Problem details:
Using the data below, copy out all lines with the word "primeros".

Dataset records:

===============

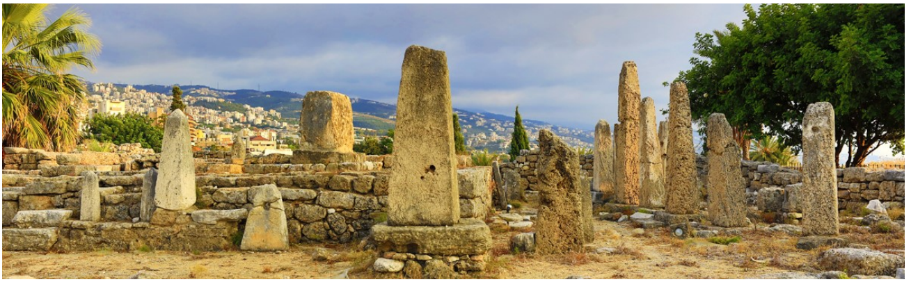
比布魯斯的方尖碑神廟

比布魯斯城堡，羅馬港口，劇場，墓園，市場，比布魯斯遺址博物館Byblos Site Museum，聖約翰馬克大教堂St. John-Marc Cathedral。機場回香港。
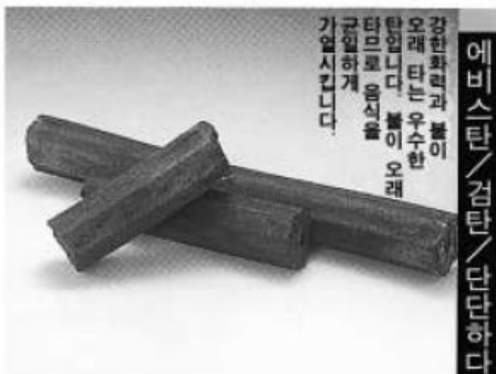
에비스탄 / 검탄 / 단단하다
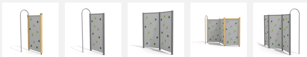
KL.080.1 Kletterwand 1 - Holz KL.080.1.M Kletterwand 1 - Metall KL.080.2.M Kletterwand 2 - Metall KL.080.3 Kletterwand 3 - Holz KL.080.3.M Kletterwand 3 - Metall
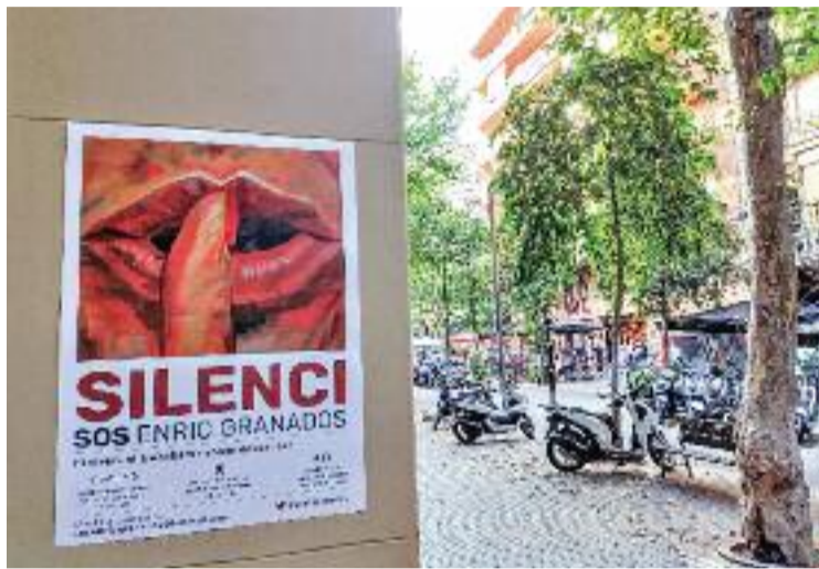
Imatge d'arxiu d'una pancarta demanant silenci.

===============

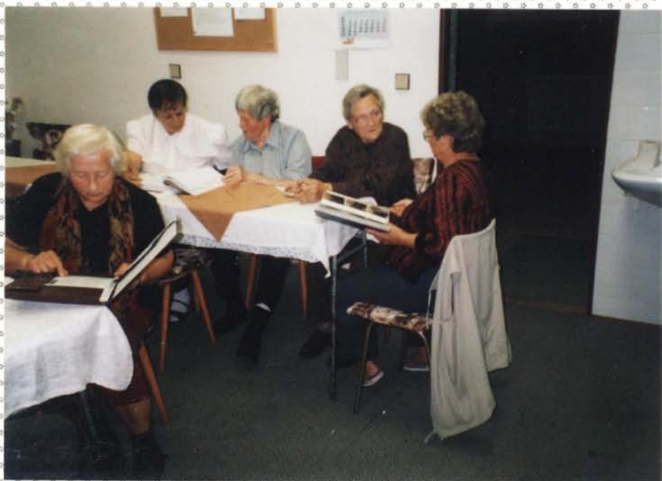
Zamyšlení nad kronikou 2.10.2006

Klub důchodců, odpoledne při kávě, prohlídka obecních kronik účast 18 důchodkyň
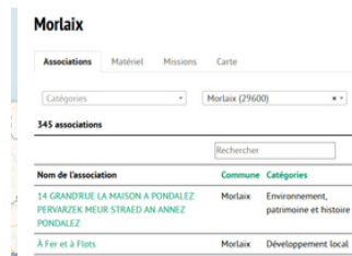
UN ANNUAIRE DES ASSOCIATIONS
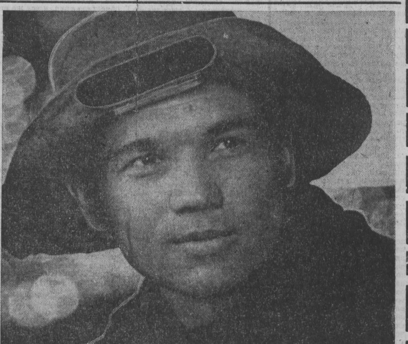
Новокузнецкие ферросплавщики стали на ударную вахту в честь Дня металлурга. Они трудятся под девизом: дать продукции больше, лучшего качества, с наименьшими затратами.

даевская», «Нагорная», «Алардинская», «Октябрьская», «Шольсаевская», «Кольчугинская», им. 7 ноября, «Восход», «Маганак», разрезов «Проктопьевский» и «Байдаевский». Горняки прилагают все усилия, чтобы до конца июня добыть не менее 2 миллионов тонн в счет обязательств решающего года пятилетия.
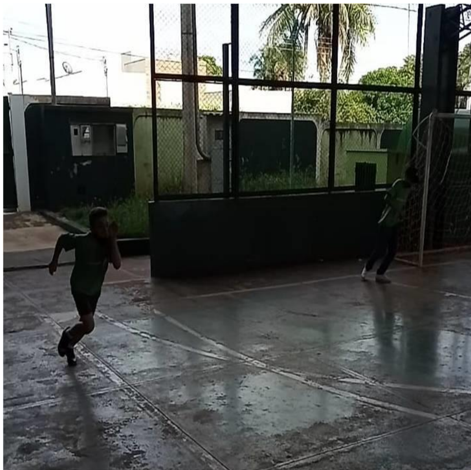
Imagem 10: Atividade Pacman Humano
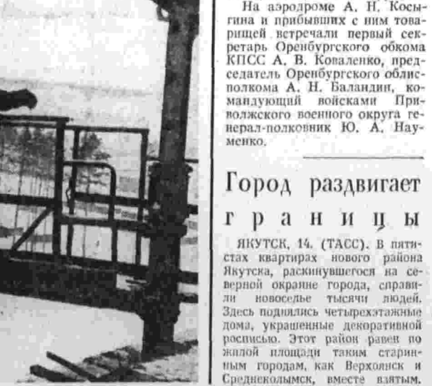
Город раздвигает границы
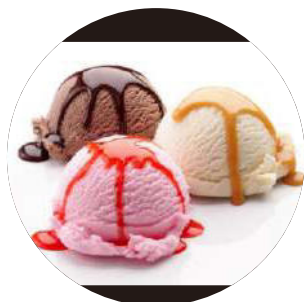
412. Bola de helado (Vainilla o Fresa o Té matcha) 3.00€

===============

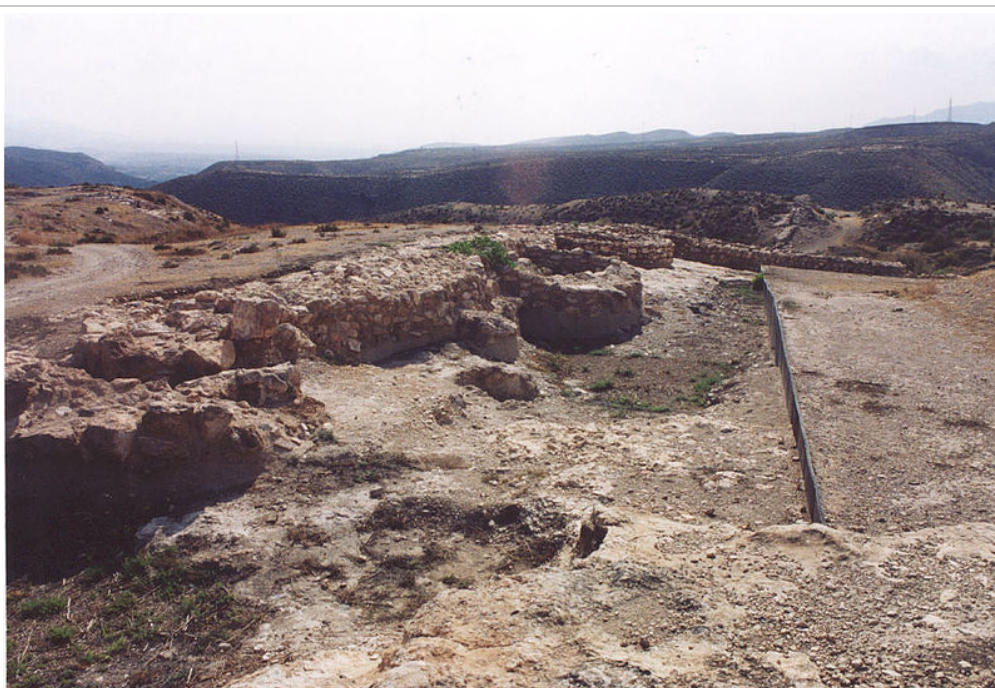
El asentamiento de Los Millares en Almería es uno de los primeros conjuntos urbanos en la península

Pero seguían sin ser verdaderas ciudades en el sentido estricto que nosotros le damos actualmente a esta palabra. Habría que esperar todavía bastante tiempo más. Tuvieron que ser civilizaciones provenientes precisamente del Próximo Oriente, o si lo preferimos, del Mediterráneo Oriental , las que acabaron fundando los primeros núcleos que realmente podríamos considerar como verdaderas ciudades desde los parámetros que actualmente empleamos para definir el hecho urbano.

===============

Task result:
El asentamiento de Los Millares en Almería es uno de los primeros conjuntos urbanos en la península
Pero seguían sin ser verdaderas ciudades en el sentido estricto que nosotros le damos actualmente a esta palabra. Habría que esperar todavía bastante tiempo más. Tuvieron que ser civilizaciones provenientes precisamente del Próximo Oriente, o si lo preferimos, del Mediterráneo Oriental , las que acabaron fundando los primeros núcleos que realmente podríamos considerar como verdaderas ciudades desde los parámetros que actualmente empleamos para definir el hecho urbano.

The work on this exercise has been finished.